In the first eight sections of Chapter One, dealing with the wide variety of possible authorial communities, Davila ably explodes the myth of a mere duality of options, Jewish or Christian. There were several kinds of Jews, several kinds of Christians, and several kinds of other groups sympathetic to either or both, much as there are today, any of which might have possessed people of sufficient education to have taken it in hand to produce a pseudepigraphon. In section nine of Chapter One, pages 64 to 71, Davila lists the signature features of boundary-maintaining Jewish groups (I wasn’t able, due to the lack of a subject index, to locate the corresponding list of signature features of boundary-maintaining Christian groups; suffice it to say it is not in this chapter), and proceeds to describe how the groups and these criteria might then combine to present us with different possibilities for authorship, undoubtedly several of which describe the origins of the pseudepigrapha we have. Chapter Two then presents some Christian works which show that Christians authors could and indeed did write on occasion extended pieces which contain no Christian signature features. Chapters One and Two are the meat of the book, where Davila elaborates his theory very convincingly. The following chapters, as described above, proceed to apply his developed methodology to various works, with the determination of some as Jewish Pseudepigrapha in CHapter Three (Aristeas to Philocrates, Second Baruch, The Similitudes of Enoch, Fourth Ezra, and others. Chapter Four presents “Some Pseudepigrapha of Debatable Origin”, which are Sibylline Oracles Books 3 and 5, Joseph and Aseneth, The Testament of Job, and several others.

This is a very helpful and important book that deserves wider readership.
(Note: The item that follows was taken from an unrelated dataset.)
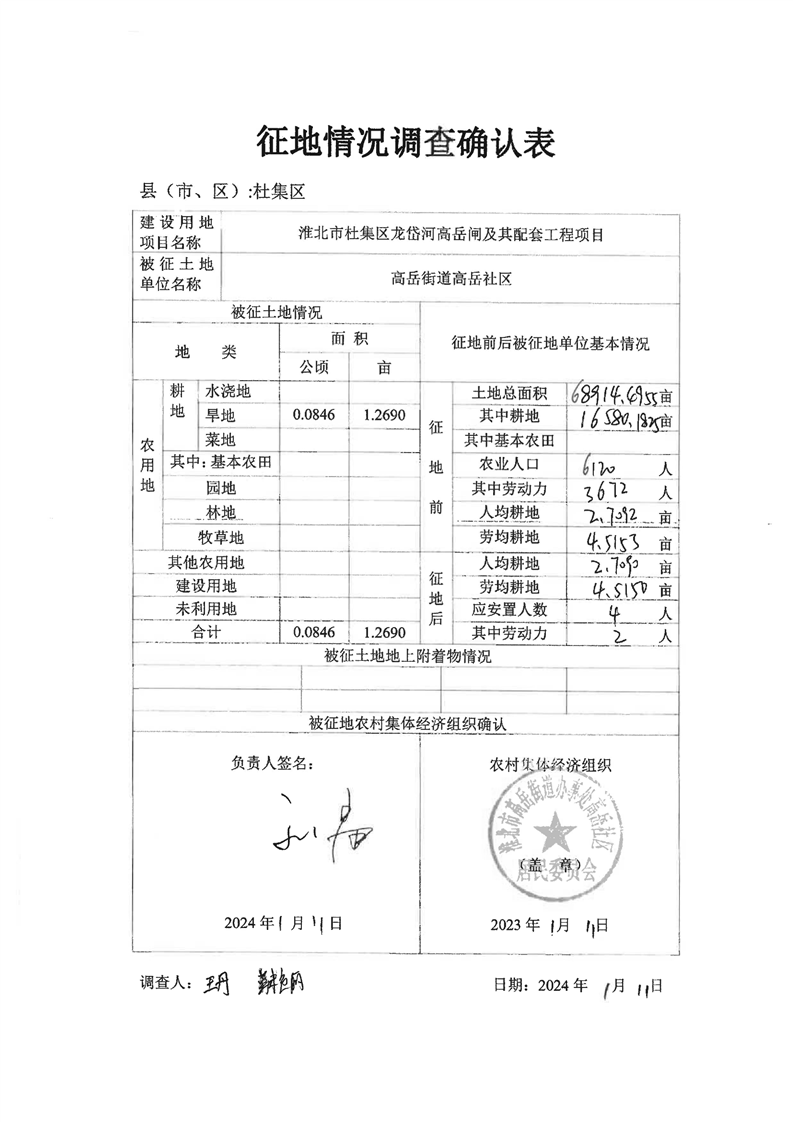 淮北市杜集區(qū)龍岱河高岳閘及其配套工程項(xiàng)目征地情況調(diào)查確認(rèn)表

One can only hope that a more affordable paperback edition will soon appear so that Davila’s methodology will become more widespread. His development of each of the components of the methodology is entirely thorough and convincing, so that in coming to its application in regards to specific works, it feels almost like a letdown, it’s so simple. This is the sign of a truly well-developed theorem: a highly developed theoretical foundation is masked by an elegant method easily applied. Many thanks to Professor Davila!
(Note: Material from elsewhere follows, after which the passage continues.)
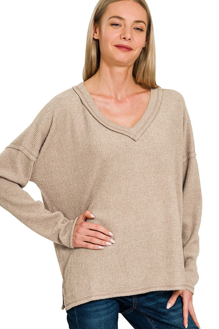 Zen Brushed V Neck Sweater (Ash Mocha)
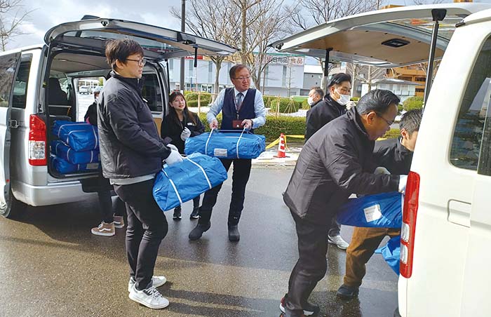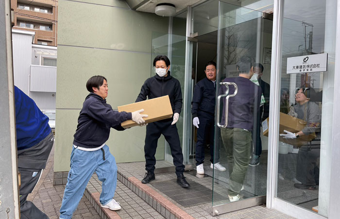2024年1月1日(月)、石川県能登地方を震源とする最大震度7の大地震が発生しました。石川県内の当社管理受託建物(全2,204棟)は、倒壊など大きな被害はなかったものの、金沢支店では事務所の床がひび割れ、周辺の歩道にも陥没や隆起が発生。いい部屋ネット七尾店も、駐車場スペースの陥没や隆起、クロスの剥がれなど店舗内が破損しました。自らが被災した社員もいるなか、震災直後から金沢支店の従業員を中心に復興へ向けて支援活動を行っています。地震発生から間もなく、全国から多くの支援物資が金沢支店に届き始め、金沢支店を拠点として、避難所をはじめ、オーナー様や入居者様へ支援物資をお届けしています。

  1. After a bit of hunting, I did manage to find the Christian signature features described in footnote 109 page 64: “…Christian signature features are somewhat more straightforward and would include such things as favorable mention of Jesus, the virgin birth, the crucifixion, the resurrection, the church, and the apostles; hostile references to the falling away of the Jews; and quotation from or clear allusion to the New Testament or other early Christian literature.”

    Jewish signature features are listed on page 65 (paraphrased for brevity):
    1.) A work with substantial Jewish content and strong internal evidence for having been authored in pre-Christian times.
    2.) Compelling evidence that a work was translated from a Hebrew original.
    3.) Sympathetic concern with the Jewish sacrificial cult, priesthood, temple, ritual purity, etc.
    4.) Sympathetic concern with Torah and halakhah.
    5.) Concern with Jewish national/ethnic interests.

    These Christian and Jewish signature features are, in the methodology developed in Davila’s book, key to the methodology’s success. They certainly will bear further contemplation. I’ll likely revisit them in the not too distant future.